I did not stab the clock in the dash of the car. Nothing against short cuts, I don't carry a knife. So, I found a footpath where I could kill time.
The first of however many turns on a walking trail I've never been on and, less than 20 yards in, a sign.
SLAVE CEMETERY
A farm of this size was probably maintained with the assistance of six to ten slaves. They lived and worked on this farm for approximately 60 years beginning around 1800. The slave graves are marked with small, rough limestone rocks. Two graves are oriented east-west and have both head and foot stones.
In other words; after living out their natural lifespans where from sun up to sun down they were treated like slaves without ever experiencing basic tangible treasures like romance or freedom or often times the ability to read and write because they're born to a slave owner. Bred to work land by hand without the right to think cuz if they did, they paid for it in whips and lashes or worse and when they died as in history, laid to rest forever.
A couple of rocks with nothing on them.
Atlas had that look like I don't know what you're gonna get us out of this time but I'm down like a shadow.
We continued in the direction we were going. Nature's got her green on in May.
There was a bridge. And another turn. I should take a picture of that bridge and put it on the cover I thought.

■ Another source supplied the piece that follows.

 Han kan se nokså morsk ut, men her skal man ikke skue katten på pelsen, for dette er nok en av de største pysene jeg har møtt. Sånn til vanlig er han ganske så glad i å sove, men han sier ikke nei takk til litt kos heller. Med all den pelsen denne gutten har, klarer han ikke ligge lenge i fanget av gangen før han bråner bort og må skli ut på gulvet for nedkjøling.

Then I thought about the cemetery with headstones you can't see unless they're circled in red and thought I'll probably put that one on the cover when off in the distance of this seemingly middle of nowhere footpath stood a middle of nowhere structure.
I hate SNAKES!
I hate snakes even more than fingers who think that because they point left they're better than the right or vice versa when in reality they're both just part of a hand and everyone pulling their strings is on top. There's only two sides—in / out.

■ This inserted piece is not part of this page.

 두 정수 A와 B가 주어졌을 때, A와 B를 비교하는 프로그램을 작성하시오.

I'm on the outside looking in. Snake territory separates me from that structure. They blend magically like cookies and cream. I know this. I practically got killed by one once.
Spotted, sand-like print is undetectable against a bed of rocks or in grass or wherever they lay and wait. I know what to look for and still can't see what I'm looking at.
Eureka!
Three images
Click click click
Rushing water
Birds chirping
Squirrels jumping
Tree to tree
My mind's set
No changing it
It's all a snake to me
No idea what that building thing is. The footpath continued so I left all of those sounds behind me as quickly as possible when around another turn, another sign.
Apparently that building thing is an 18th century refrigerator. It belonged to a guy named Jacob Lones, the original settler of this land back in 1790. It says that river he built it on top of is a natural spring. It was built there to store perishables. But, if that was his refrigerator and spring, then that cemetery was his, too, and so were those slaves. Jacob Lones didn't build shit, he had it built for him.
We didn't get much further in the same direction before being interrupted again.
Alright, well, it seems we're on a plantation. Can't say I've done that before now. And that house out there is where the Lones family lived. It says each brick was handmade and fired right here. A parking lot surrounds the handmade brick plantation house today, it's full of cars. That house is probably a museum now.
I don't know how we got here but we're there—middle of an old plantation. There's probably scheduled tours and I bet they begin, not end at that house. I'm so good at killing time I do it backwards and can't tell the difference.